Code: AuthorizationFailed
Message: The client '86e9aa23-0f73-46fd-85e9-ee5821d743de' with object id '86e9aa23-0f73-46fd-85e9-ee5821d743de' does not have authorization to perform action 'Microsoft.Compute/virtualMachines/read' over scope '/subscriptions/3da03240-09fb-4d1e-8631-c507fcd3dd9b/resourceGroups/data-science-itc-ray-cluster-rg/providers/Microsoft.Compute' or the scope is invalid. If access was recently granted, please refresh your credentials.

On the checking the error more carefully, I was able to determine that the issue was that although a new managed identity was created in the new resource group, the identity that was being used for the creation of the resources was in fact the older identity created for my original cluster, in a different resource group. I was able to determine this by looking at the object id throwing the error and those of the managed identities. So it would appear that the first managed identity is being used, which does not the correct scope, as it is created with permissions only for the specified resource group.

gramhagen · 2022-03-23T14:46:47Z

yeah good point @ecm200. out of curiosity why do you want to deploy these resources into the same resource group?
trying to understand if we should enable re-use of these resources or the deployments should be completely independent.
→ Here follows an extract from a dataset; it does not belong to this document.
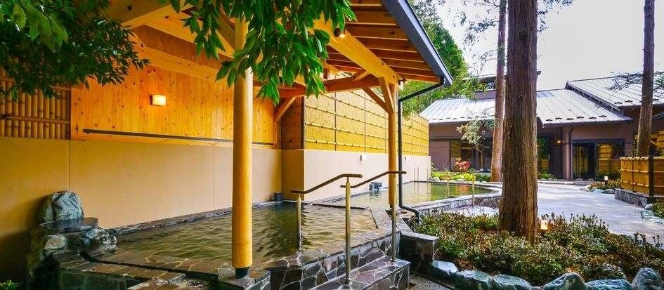 もともとあったヒノキ林をできる限り活かして建てられており、露天風呂では木々のアロマを感じながら源泉かけ流しの天然温泉に浸かることができます。

ecm200 · 2022-03-23T14:56:55Z

yeah good point @ecm200. out of curiosity why do you want to deploy these resources into the same resource group? trying to understand if we should enable re-use of these resources or the deployments should be completely independent.

Hi @gramhagen,
Thanks for your reply.
It goes without saying, but we really love Ray, and welcome any chance to feed back, so thanks!

I can actually see value in having multiples clusters in a single resource group, or indeed being able to have multiple clusters in separate resource groups.

Right now, I am not able to do either.

If I try to deploy into the same resource group, then due to the above identified problem, execution of the creation of the second cluster using ray up config_cluster2.yaml simply results in the already running cluster being updated.

If I try to create a new cluster in a separate resource group, the issue I am encountering is one of permissions. It would appear that the managed identity that is created as part of the cluster creation process has fixed name, because it would appear to be hardwired in the JSON templates in the package files. In azure-config-template.json I can see that all the fixed names for the managed identity, the vnet and the network security group. Therefore, when computational resources are attempted to be created in the new resource group for the new cluster, it uses the previously created managed identity from the FIRST resource group, which doesn't have the scope to create the resources in the NEW resource group.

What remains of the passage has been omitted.